Gaius Suetonius Tranquillus (c. 69 – c. 122 AD) was a Roman biographer and writer who, according to his friend of Pliny the Younger, was a quiet, studious person, as well as a scholar as evident in his literary work. Although his was born into the equestrian order, no-one knows the precise date and place of his birth or when he died.
Prior to his literary projects he studied law which he later abandoned. Under the rulership of Emperor Hadrian in 117 AD, Suetonius entered the imperial service and was likely the controller of the Roman libraries, the keeper of the archives, and adviser to the emperor on cultural matters. This meant that he was able to access important sources for his work, such as the private letters of previous emperors. A few years later in 122 AD, he was dismissed from his position after which he turned his attention to writing and producing his literary works.
Suetonius penned works touching on numerous topics including Greek and Roman culture, physical defects, grammar, spectacles, games, shows, clothing, civil service, customs, and more.
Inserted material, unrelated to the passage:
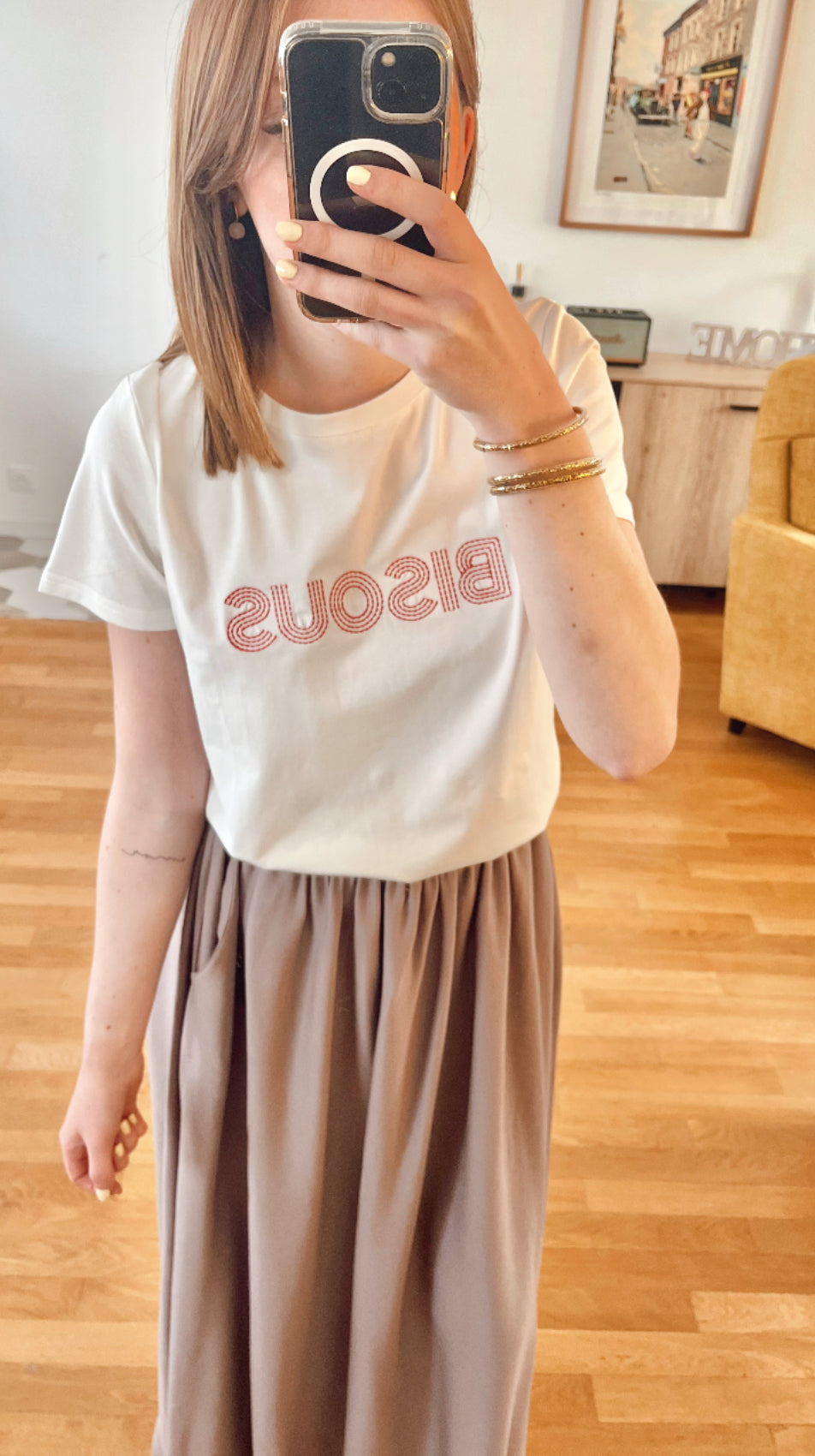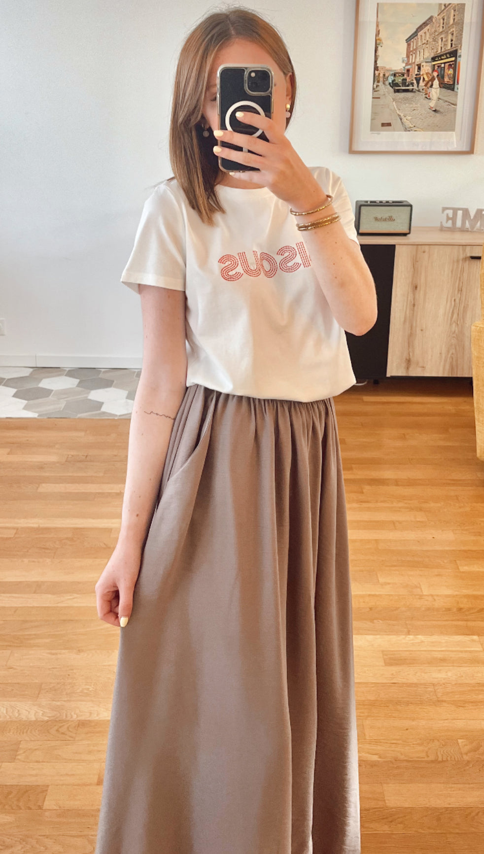 Jupe longue fluide taupe avec poches en viscose souple (viscose de lin).
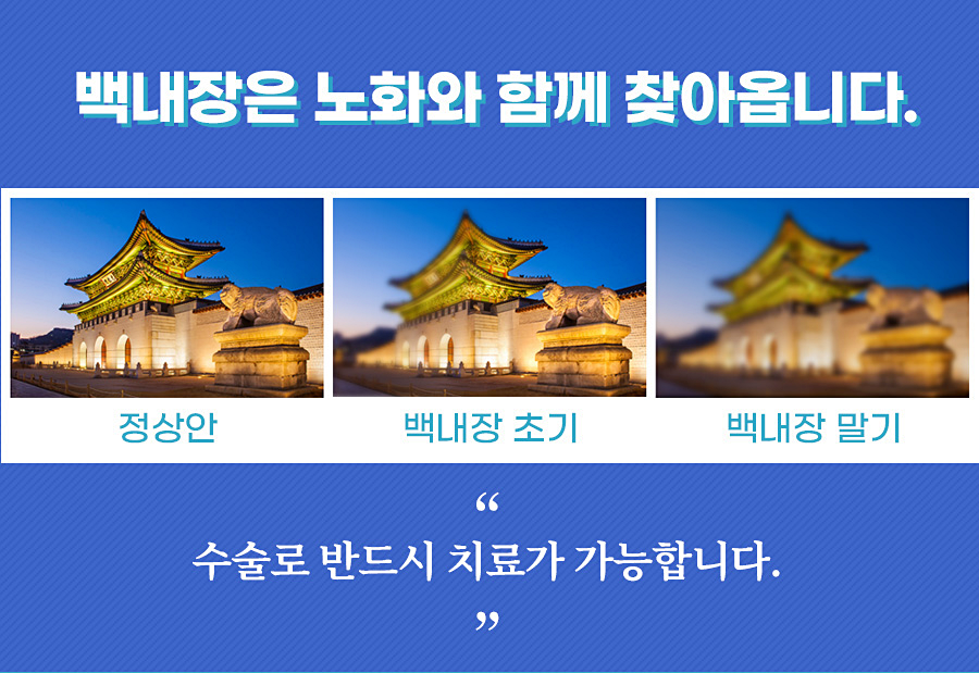 특히 백내장의 경우 과거에는 노인성 질환으로 분류됐지만 최근에는 여러 이유로 발생해 10대~20대 젊은 연령층도 안심할 수 없었습니다. 그 중 큰 원인은 스마트폰과 같은 전자기기의 사용량이 많아지면서 눈의 노화가 빠르게 시작될 수 있었습니다. 또한 눈의 염증이나 외상, 당뇨와 같은 전신질환을 비롯하여 태아 때 감염이나 대상 이상으로 선천적으로 나타나기도 하였으나 그 증상을 모두 같기 때문에 수술을 통해 치료를 받을 수 있었습니다.

His writings were also detailed ranging from discussions on the ancestries and family histories of individuals to the activities they engaged in (such as wars, public events, political reforms etc.) while in power and in their public lives. As a scholar, Suetonius’ most famous and enduring work was The Twelve Caesars, which where biographies of the first 12 Caesars and includes biographies on Julius Caesar.
Suetonius penned numerous other books which have been lost or come down to us in incomplete fragments. On Illustrious Men is a collection of biographies which describe the lives and works of various poets, scholars, and rhetoricians.